Ambitions de l'enseignement bruxellois

Il existe de nombreuses pistes pour améliorer l'enseignement.

À Bruxelles, une vision d’avenir de l'enseignement doit être développée. Il en est de même pour les acquis que les jeunes doivent posséder au terme de leurs études. La Région, la société civile, les Communautés et les pouvoirs organisateurs doivent donc entamer un dialogue en la matière, dans l'optique d'élaborer une vision et un plan d'action destinés à améliorer l'enseignement à Bruxelles. Il va de soi que cela doit offrir, aux divers réseaux, des perspectives tant communes que différenciées de développement.

Bruxelles doit proposer un enseignement obligatoire qui, comparé au reste de la Wallonie et de la Flandre, offre une plus-value et joue un rôle d'exemple en termes de multilinguisme, de communication interculturelle et d’internationalisation.

L'enseignement doit prendre à cœur sa fonction élémentaire, à savoir : préparer les jeunes à évoluer au sein de la société. Les écoles doivent fournir aux enfants un ensemble d'outils leur permettant de se faire une place sûre au sein de la société. L'enseignement et l'économie sont étroitement liés. Les écoles doivent par ailleurs stimuler l'esprit d'entreprise, l'initiative individuelle, l'audace, la foi en ses capacités et l'analyse critique, sans négliger les aptitudes de base telles que l'écriture, la pensée autonome, les connaissances linguistiques et le calcul.

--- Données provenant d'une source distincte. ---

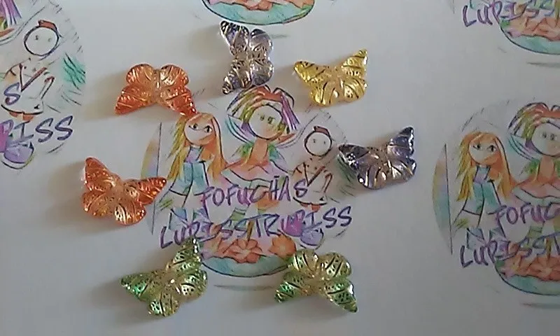 Mini mariposa de Colores acrílicos brillantes, cabujón Kawaii, bricolaje, álbum de recortes, lazos para el pelo, centro, 50 Uds.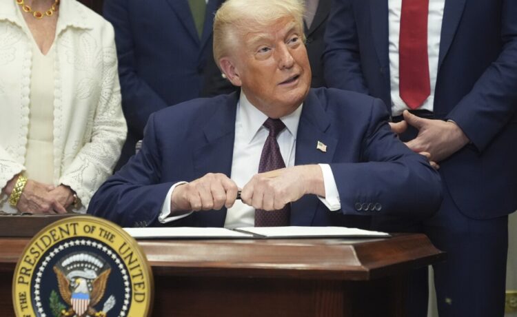 Trump signed an order Thursday night imposing steep tariffs on 66 countries, the European Union, Taiwan and the Falkland Islands to go into effect on Aug. 7, after he originally threatened them for April but postponed twice after that until Aug. 1.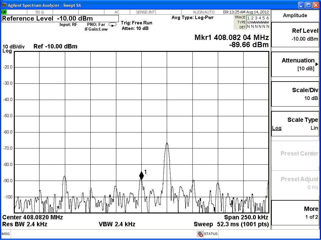 基带输入二路25KHz正交正弦信号,经DAC,滤波器和UP-Mix和Buffer以后输出频谱如图1所示,左下角估计为干扰,

Il faut veiller à la qualité de l'enseignement prodigué aux francophones, néerlandophones et allophones dans le respect de la langue d'enseignement, de sorte que tant la Communauté française que flamande contribue à résoudre le problème des lacunes scolaires chez les jeunes Bruxellois, tout particulièrement en ce qui concerne la connaissance du néerlandais.

BECI plaide pour des mesures et investissements supplémentaires dans l'enseignement francophone et néerlandophone à Bruxelles. Elles appellent la Communauté française à s'atteler de toute urgence à une revalorisation substantielle de l'enseignement francophone à Bruxelles. Afin de se focaliser tout particulièrement sur l'enseignement du néerlandais en tant que seconde langue dans l'enseignement professionnel et technique, celui-ci ayant besoin de redorer solidement son prestige. Un effort supplémentaire doit être réalisé afin que tout élève, qui décroche son diplôme à Bruxelles, maîtrise parfaitement les deux langues administratives. De même, l'enseignement néerlandophone doit veiller en permanence à ce que ses élèves connaissent la langue de Molière.

Pour leur part, les parents doivent être davantage impliqués dans le processus d'apprentissage et faire des efforts pour donner à leurs enfants des activités extrascolaires sensées, de préférence dans la langue de l’enseignement.

On ne dispose que de trop peu de chiffres comparables pour pouvoir évaluer l'enseignement. Bruxelles doit dès lors se doter d'une évaluation du système se basant sur des paramètres standardisés, de sorte que nous puissions comparer la performance et le niveau des écoles de la Région bruxelloise, et ce, tous réseaux confondus. De cette façon, nous pourrons adapter et intervenir là où cela s'avère nécessaire. L'enseignement des langues doit lui aussi faire l'objet d'un suivi permanent.

L'enseignement professionnel et technique doit être revalorisé. Il ne doit pas faire office d'enseignement de troisième rang, d'occupation pour élèves démotivés. La liste des métiers en pénurie est suffisamment longue et l'économie tertiaire a, elle aussi, un besoin cruel d'hommes de métier.